## EXERCISE OBJECTIVE:
Repeat the listing word for word, but skip any pictures.

---- DATASET CONTENT

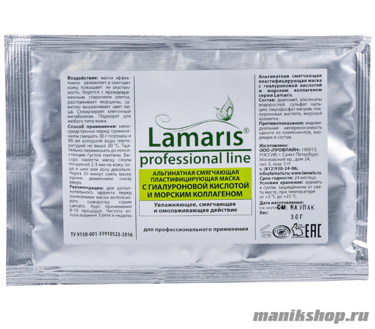 Альгинатная смягчающая пластифицирующая маска с гиалуроновой кислотой и морским коллагеном
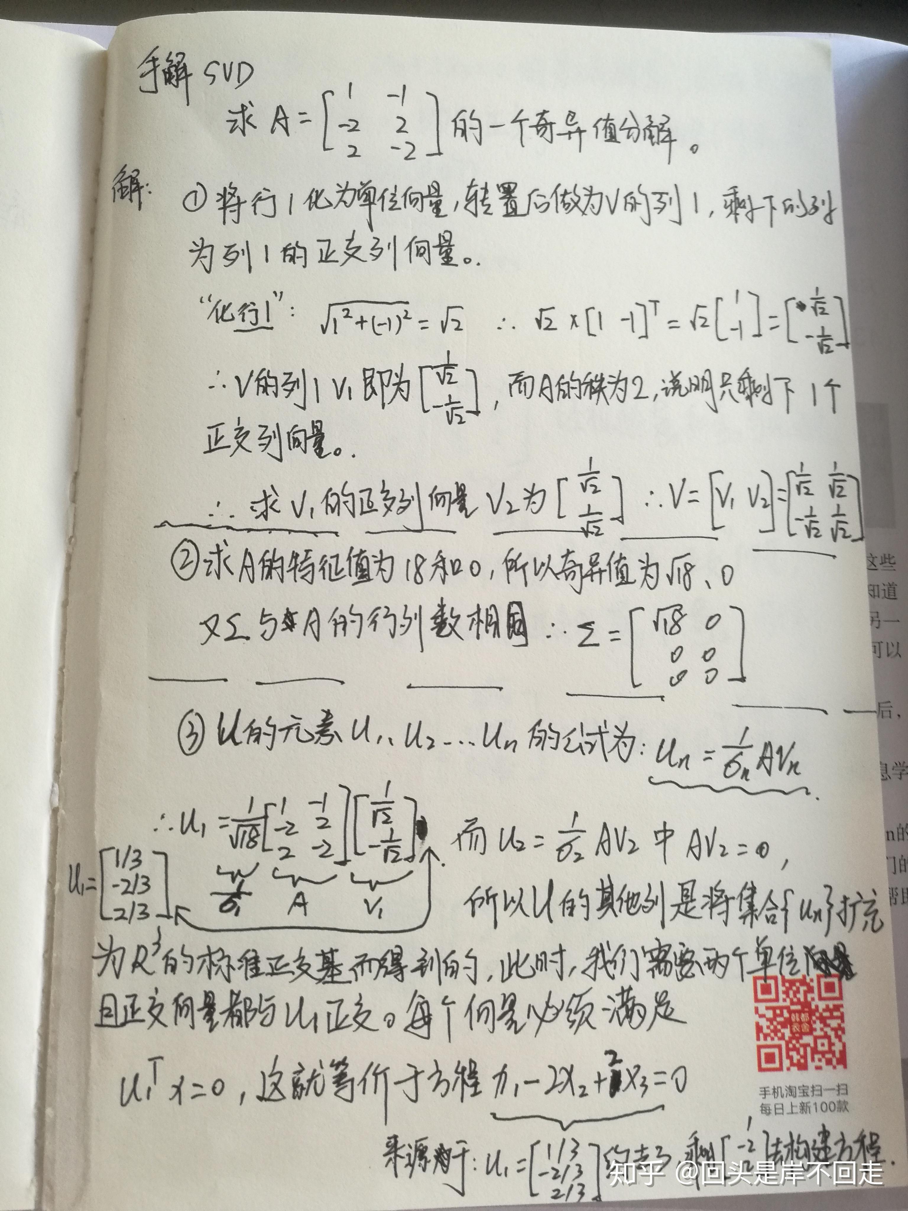 你好,我想问一下,在手算时分别用AAT和ATA的特征向量得到U和V,有没有可能不用检查就能保证最后得到的分解没有正负号的问题,我感觉这种方法是不是本质上就有问题啊,U和V是不是不能单独求解,他们应该是相互关联的吧
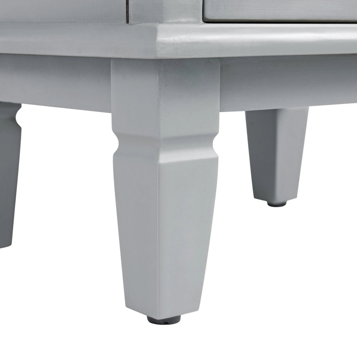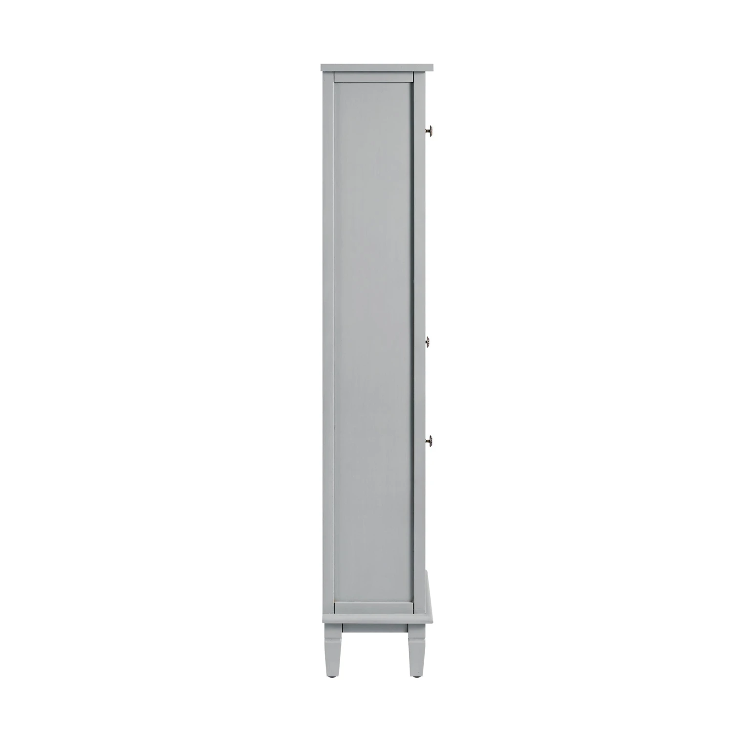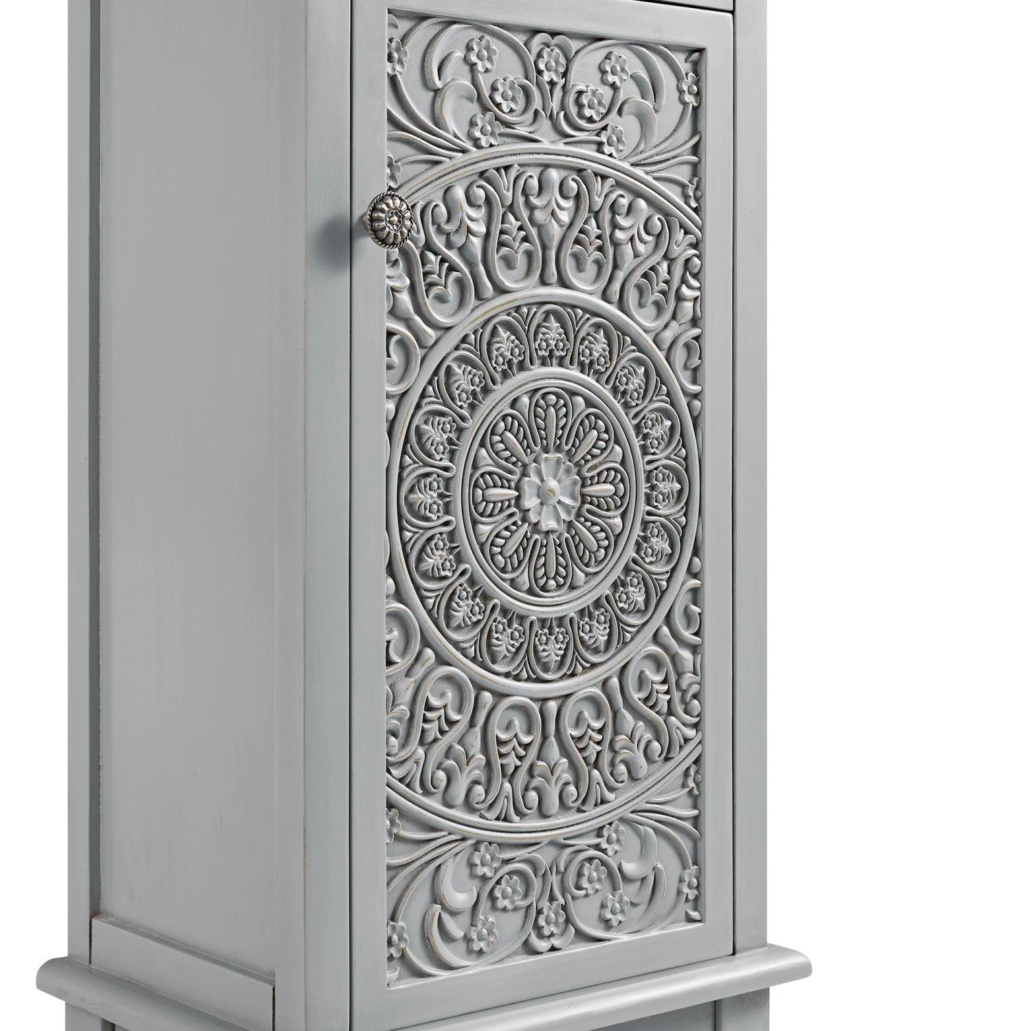 - A tall, elegant storage cabinet finished in mid grey, with intricate floral-carved detailing on both doors.

--------

## COMPLETED EXERCISE:
 Альгинатная смягчающая пластифицирующая маска с гиалуроновой кислотой и морским коллагеном
 你好,我想问一下,在手算时分别用AAT和ATA的特征向量得到U和V,有没有可能不用检查就能保证最后得到的分解没有正负号的问题,我感觉这种方法是不是本质上就有问题啊,U和V是不是不能单独求解,他们应该是相互关联的吧
 - A tall, elegant storage cabinet finished in mid grey, with intricate floral-carved detailing on both doors.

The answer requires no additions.